Is he the most moderate of the six candidates?
“I think I’m the one who potentially could have the most appeal to the wider electorate,” he says, as we discuss whether Tory members will end up choosing a leader with broad appeal or simply the most right-wing person to get to the final two. “It’s not about which hue of blue you are,” he insists, adding that: “There might be a tendency to do things that are appealing very directly to the membership, or a subset of the membership, which then become a problem in terms of delivering unity and a united party.”
One of those things, he says, involves the European Convention on Human Rights. Willingness to leave the ECHR has become something of a litmus test for candidates’ right-wing credentials, but Stride believes the decision must be one for the party as a whole, not any one individual.
“We know that a section of the membership are very concerned about the ECHR,” he says, “and I understand why that’s the case. Equally, there are a variety of different views on that matter amongst the parliamentary party, and the first thing a leader has got to do is unite that party. Therefore it would seem only logical to me to work towards our settled opinion on that matter by working with the parliamentary party and coming to that conclusion.”
This sounds a lot like Rishi Sunak’s position on the ECHR, which may not be surprising, given that Stride ran his leadership campaign, but he bridles at the suggestion he is the “continuity Rishi” candidate. Without specifying Sunak’s five pledges – which included stopping the boats and cutting NHS waiting lists – Stride says “setting up some of our metrics for success in the way that we did, with hindsight, set us up for some element of failure.”
After such a dreadful defeat in the election, one of the most frequently mentioned names in Tory circles is Lord Houchen, whose reelection as Tees Valley Mayor in May was one of the only bright spots in an otherwise dismal year.
Stride would have him in his shadow cabinet if he became leader, advising on, among other things, devolution of power to the regions. “We have made a great success of devolution, and I think we can go still further,” he says, also namechecking former West Midlands Mayor Andy Street, who was narrowly defeated by Labour’s Richard Parker after seven years in the job.

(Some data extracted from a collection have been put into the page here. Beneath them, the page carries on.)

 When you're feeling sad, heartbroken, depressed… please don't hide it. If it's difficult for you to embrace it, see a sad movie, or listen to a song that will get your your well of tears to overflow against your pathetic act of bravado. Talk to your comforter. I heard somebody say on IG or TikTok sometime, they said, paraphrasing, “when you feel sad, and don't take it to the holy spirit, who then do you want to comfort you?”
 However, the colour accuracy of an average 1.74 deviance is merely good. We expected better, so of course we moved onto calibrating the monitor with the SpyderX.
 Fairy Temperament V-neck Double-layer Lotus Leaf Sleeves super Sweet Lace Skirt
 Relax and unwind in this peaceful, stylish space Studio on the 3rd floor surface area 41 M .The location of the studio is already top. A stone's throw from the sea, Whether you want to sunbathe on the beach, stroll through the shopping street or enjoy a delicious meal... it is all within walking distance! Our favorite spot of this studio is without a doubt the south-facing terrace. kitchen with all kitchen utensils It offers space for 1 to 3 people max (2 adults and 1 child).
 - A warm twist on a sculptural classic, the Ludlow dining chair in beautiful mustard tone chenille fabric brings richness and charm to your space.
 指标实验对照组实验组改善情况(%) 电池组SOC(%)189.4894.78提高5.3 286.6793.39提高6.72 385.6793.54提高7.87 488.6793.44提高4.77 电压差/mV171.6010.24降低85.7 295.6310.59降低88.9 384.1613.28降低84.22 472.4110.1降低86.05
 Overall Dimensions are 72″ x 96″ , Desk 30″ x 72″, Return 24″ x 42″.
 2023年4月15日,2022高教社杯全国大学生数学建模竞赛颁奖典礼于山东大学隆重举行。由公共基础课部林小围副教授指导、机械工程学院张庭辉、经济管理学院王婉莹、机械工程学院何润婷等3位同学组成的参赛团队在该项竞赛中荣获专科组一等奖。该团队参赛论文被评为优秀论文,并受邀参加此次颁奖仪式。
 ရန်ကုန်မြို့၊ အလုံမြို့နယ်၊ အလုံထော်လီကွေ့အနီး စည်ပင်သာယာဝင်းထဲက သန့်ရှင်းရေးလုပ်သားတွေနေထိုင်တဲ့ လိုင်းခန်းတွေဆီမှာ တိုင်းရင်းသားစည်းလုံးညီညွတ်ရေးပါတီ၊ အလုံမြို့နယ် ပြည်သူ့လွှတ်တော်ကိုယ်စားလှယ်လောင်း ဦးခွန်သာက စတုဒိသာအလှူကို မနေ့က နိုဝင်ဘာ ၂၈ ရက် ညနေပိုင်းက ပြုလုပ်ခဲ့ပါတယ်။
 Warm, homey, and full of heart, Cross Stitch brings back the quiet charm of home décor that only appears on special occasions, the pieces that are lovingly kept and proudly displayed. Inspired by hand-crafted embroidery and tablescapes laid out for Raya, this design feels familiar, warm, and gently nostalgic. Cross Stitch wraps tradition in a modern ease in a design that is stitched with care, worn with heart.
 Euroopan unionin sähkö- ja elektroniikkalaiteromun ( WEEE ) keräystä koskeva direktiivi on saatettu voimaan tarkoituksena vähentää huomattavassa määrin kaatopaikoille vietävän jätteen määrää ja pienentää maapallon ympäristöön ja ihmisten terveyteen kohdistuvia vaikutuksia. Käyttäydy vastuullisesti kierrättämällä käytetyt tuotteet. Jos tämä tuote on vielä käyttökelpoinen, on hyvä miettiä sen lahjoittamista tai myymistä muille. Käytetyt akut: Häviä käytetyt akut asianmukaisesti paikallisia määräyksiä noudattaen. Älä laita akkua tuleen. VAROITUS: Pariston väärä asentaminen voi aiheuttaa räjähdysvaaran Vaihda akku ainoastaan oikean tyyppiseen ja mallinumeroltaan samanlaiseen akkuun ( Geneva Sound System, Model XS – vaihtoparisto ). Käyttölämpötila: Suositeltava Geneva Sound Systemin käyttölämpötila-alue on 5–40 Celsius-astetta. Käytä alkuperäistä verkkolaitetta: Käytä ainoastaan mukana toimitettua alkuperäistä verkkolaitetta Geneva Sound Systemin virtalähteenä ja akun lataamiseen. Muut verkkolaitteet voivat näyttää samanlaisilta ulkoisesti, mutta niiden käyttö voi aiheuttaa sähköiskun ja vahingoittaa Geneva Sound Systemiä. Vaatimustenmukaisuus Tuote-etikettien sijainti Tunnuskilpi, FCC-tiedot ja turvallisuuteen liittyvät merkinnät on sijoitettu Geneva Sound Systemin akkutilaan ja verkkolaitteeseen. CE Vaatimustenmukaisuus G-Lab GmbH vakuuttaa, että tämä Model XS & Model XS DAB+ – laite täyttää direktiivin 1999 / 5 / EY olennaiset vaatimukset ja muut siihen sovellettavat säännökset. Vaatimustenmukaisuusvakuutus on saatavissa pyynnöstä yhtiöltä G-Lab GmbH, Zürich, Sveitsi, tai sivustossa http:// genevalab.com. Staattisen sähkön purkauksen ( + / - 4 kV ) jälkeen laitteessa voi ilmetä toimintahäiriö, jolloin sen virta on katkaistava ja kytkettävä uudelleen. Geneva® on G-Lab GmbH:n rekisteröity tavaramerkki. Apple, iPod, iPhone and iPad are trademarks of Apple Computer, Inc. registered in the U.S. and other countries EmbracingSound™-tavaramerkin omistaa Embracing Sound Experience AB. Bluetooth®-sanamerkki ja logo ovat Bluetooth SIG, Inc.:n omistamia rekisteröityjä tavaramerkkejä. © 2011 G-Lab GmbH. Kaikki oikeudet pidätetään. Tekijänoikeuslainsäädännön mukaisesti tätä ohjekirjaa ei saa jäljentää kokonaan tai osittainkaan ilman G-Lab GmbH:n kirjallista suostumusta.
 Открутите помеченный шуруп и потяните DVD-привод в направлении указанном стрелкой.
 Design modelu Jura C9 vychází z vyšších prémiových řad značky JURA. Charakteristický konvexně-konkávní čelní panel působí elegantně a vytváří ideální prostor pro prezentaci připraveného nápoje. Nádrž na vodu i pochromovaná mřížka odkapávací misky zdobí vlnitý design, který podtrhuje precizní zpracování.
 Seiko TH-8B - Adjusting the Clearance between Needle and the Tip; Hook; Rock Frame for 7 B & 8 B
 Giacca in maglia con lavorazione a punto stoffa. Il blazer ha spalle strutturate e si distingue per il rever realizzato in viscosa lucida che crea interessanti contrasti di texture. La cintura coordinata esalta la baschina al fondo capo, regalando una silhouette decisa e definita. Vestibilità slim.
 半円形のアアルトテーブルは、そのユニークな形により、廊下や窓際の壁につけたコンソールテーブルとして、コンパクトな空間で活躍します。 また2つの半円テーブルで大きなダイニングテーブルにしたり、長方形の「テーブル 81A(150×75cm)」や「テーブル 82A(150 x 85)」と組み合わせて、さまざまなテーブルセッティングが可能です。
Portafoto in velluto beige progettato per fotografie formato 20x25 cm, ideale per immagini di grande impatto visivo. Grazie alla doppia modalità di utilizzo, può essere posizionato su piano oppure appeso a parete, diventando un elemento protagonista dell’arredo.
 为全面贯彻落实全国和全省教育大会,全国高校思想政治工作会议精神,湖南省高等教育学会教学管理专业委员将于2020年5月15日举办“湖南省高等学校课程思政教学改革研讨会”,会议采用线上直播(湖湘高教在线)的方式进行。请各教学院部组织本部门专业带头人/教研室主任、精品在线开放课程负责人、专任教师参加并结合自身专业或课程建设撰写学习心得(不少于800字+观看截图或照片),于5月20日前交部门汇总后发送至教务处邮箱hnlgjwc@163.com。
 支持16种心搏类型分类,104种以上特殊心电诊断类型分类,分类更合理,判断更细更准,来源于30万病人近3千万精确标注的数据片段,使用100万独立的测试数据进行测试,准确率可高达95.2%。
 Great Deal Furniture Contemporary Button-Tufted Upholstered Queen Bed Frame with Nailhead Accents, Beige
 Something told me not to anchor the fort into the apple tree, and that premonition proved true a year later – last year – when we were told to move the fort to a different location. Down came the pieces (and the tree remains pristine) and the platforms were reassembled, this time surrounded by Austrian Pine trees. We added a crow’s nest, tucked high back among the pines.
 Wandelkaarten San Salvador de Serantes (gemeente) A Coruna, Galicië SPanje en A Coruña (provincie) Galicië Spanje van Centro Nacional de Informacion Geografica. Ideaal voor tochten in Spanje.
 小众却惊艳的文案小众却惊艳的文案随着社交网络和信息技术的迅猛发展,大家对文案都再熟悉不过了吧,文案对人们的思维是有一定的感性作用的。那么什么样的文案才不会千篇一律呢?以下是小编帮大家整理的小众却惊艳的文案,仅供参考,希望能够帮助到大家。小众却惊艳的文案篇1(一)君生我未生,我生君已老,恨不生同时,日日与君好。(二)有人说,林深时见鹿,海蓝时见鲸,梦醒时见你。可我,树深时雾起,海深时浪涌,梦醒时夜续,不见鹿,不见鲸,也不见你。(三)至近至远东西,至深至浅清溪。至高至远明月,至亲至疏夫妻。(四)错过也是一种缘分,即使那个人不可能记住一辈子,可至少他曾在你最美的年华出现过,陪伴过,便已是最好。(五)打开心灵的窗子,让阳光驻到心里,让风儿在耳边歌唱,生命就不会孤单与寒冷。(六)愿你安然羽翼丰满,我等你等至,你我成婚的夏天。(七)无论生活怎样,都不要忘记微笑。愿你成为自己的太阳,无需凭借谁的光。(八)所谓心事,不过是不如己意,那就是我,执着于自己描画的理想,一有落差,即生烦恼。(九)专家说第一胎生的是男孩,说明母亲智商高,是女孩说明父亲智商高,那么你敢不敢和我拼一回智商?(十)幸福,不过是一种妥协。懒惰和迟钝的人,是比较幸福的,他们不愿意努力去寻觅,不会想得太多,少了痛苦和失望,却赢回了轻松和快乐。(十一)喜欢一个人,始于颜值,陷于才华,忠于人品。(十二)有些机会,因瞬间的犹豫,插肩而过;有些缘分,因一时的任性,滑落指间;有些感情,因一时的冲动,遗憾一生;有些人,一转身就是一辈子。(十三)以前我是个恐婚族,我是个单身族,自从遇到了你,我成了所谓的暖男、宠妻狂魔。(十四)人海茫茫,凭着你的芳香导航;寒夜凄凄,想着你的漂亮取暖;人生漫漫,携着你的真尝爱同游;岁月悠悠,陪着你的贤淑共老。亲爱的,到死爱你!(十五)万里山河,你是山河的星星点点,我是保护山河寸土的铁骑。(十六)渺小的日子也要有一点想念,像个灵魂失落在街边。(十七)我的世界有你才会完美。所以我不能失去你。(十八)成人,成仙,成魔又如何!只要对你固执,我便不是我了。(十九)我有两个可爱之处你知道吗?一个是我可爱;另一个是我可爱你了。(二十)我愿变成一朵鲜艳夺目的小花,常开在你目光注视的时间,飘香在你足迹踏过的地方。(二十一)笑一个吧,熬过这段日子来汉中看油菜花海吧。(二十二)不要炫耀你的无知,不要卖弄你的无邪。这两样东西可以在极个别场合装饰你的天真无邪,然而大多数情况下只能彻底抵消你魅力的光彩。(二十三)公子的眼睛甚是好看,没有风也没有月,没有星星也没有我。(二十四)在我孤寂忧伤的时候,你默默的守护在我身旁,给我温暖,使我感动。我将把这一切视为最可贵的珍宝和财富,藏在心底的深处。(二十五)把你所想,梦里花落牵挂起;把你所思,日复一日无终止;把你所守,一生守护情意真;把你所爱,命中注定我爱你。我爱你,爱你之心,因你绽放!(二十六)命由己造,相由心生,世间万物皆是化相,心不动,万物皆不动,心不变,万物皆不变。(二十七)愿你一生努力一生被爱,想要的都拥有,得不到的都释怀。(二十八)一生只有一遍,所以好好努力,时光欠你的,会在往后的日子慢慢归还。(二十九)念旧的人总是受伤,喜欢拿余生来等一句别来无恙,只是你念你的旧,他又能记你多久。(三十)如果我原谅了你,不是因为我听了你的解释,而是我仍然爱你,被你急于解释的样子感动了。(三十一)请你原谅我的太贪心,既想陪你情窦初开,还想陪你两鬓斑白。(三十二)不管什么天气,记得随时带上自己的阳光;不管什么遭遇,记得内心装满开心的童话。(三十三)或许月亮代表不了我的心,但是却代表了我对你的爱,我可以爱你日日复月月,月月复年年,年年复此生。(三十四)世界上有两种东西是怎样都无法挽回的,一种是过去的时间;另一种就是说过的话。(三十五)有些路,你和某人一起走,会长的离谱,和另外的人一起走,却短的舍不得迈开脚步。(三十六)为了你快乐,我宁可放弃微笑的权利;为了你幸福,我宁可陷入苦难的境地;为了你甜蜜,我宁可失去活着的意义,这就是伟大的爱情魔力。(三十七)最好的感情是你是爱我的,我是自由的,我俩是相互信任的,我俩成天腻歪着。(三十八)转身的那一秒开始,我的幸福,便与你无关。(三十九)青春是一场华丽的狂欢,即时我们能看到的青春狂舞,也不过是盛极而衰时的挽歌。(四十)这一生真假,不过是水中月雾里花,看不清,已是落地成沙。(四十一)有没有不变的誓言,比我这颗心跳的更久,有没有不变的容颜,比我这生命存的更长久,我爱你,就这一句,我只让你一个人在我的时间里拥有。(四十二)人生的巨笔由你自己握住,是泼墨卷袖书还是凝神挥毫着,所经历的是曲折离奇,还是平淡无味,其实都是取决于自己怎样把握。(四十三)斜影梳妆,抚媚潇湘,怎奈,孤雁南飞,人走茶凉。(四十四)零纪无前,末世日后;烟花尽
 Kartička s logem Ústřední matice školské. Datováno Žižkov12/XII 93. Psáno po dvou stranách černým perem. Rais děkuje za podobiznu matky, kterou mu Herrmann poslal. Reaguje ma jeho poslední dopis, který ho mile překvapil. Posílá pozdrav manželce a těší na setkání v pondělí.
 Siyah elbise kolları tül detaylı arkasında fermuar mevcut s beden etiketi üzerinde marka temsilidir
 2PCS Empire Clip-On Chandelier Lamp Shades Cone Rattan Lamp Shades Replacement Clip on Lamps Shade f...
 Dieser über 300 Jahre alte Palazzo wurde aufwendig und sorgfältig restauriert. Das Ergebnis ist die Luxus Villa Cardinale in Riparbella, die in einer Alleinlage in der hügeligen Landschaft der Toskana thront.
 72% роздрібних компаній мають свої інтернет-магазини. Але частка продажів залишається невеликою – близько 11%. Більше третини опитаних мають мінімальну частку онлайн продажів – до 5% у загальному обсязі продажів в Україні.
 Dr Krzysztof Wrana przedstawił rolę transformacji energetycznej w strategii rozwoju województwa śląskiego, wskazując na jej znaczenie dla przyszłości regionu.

“I want to take what Ben [Houchen] has done and see how much further we can actually push it, and what Andy did in his time,” Stride adds, saying he would like to give metro mayors more freedom in how they spend their budgets, rather than ringfencing funds. Houchen set up the first mayoral development corporation outside London, with a plan to create 20,000 jobs in and around the deep water Teesport, and took the struggling Teesside Airport back into public ownership, earning a reputation for getting things done.
If Stride fails to win the leadership, he will not be short of hobbies to fill his spare time. He is a qualified scuba diver and a qualified British Museum tour guide (for the record, he believes the Elgin Marbles should stay in London).
And, of course, there is flying. Stride qualified as a pilot during his stint in the US in the 1990s, and says there is “no greater buzz” than flying solo for the first time.
Before we part, I ask him about the dramatic pictures of a light aircraft that crash landed on the A419 in Gloucestershire earlier this week, and he becomes animated as he describes the procedure for making a forced landing on a public road (among other things, always land in the direction in which the traffic is travelling).
He also tells me how to get out of a tailspin if you lose power and find yourself corkscrewing vertically towards the ground: use the rudder to stop the spin, and only then pull back on the yoke to pull out of the dive. 
It may not be a skill that is directly applicable to running a political party, but if Conservative MPs want a leader who can remain calm in a crisis, it might be worth giving Mel Stride another look.